Over the weekend, Warren Buffett, the chairman and chief executive of Berkshire Hathaway, made a powerful case to raise taxes on himself and those like him who enjoy enormous wealth. He noted, among other things, that he has a lower tax burden, as a percentage of his income, than anyone in his office. Millionaires and billionaires, Buffett said, “have been coddled long enough by a billionaire-friendly Congress. It’s time for our government to get serious about shared sacrifice.”

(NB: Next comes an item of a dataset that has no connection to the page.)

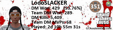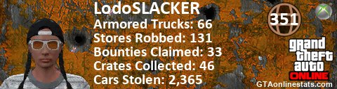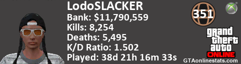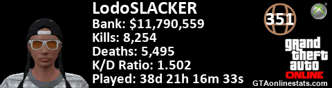 [URL=http://GTAonlinestats.com/showplayer/LodoSLACKER][IMG]http://GTAonlinestats.com/dmsignature/LodoSLACKER/sig.png[/IMG][/URL]

President Obama twice cited Buffett’s op-ed yesterday to bolster the White House line. The right, apparently, was less impressed. Here’s Fox News’ Eric Bolling on the air yesterday:

“Warren Buffett wrote an op-ed in the New York Times today, he said we should be, I think you mentioned it earlier, we should be taxed more. What is this? Is he completely a socialist and he’s playing into Mr. Obama’s hands of, you know, tax anyone who makes money, give it to people who don’t work?”

Got that? Asking millionaires and billionaires to pay just a little more — going back to, say, the same rates they paid in the 1990s, when the economy soared — is evidence of being “completely a socialist.” Indeed, as Bolling sees it, asking the wealthy to sacrifice is necessarily part of an agenda to give money “to people who don’t work.”

Also remember, Buffett is one of America’s wealthiest people, and is the CEO of Berkshire Hathaway.”Completely a socialist”?

Why do Fox News viewers seem so terribly confused? In part because they rely on guys like Bolling to help them make sense of current events.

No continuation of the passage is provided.